Fresh naturally looking dewy skin is in
It’s time to put down the contour kits, brushes, sticks and wands for a more natural look. Tinted moisturiser is a great place to start. It’s about applying the right amount of makeup, so your skin looks healthy. Use natural tones and ultra-fine touches to get the perfect bare face effect. Embrace your natural glow with lighter foundations and spot concealing where you get the most shine to leave your face looking radiant.
Bold is back
The festive season is the perfect time to experiment with bright eyeshadow palettes you never thought you’d try. Brightly hued, free-form eyes in pastel, metallic neon and tropic-inspired hues will sculpt your eyes and make them pop. Think cool 90’s chick, with full lids that are daring and fun. If that’s too adventurous for you, try a simple bright blue line across the lash line.
Bright, defined lips should be dominant
Paintbox bright lips will really elevate your holiday looks. Red, orange and fuchsia are always good options. Try mixing liquid lipsticks with intense colour and gloss to add moisture and make them look healthy and plump. Making sure your lips are lined precisely with sharp, defined edges will also help create a fuller pout.

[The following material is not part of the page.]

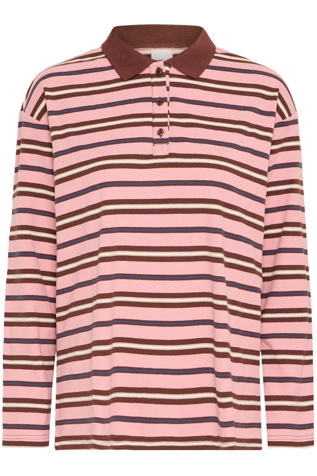 Langärmliges Polo von Ichi mit Streifen in Pink, Braun und Blau. Das Hemd hat einen klassischen Polokragen mit Knopfleiste und ein horizontal gestreiftes Muster.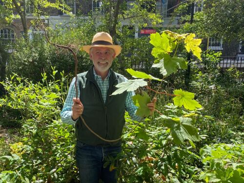 In the East Garden a group of volunteers pruned sage, rosemary and rose bushes. We left bundles of herbs for our neighbours and visitors to the Square to take home.

Contour draping is the secret you need to know
Draping is essentially contouring with blush. While plums, hot pinks and peaches are nothing new, makeup artists are now taking it to a whole new level using blues, greens, oranges and yellows. Reviving the 70’s bold cheek trend, draping gives your face a sculpted glow on the cheekbones and around the temples and brow bones. The key to make draping look chic, is blending. Use the darker shade to chisel, then buff it out with the lighter colour. The result is a softer, fresher approach to definition.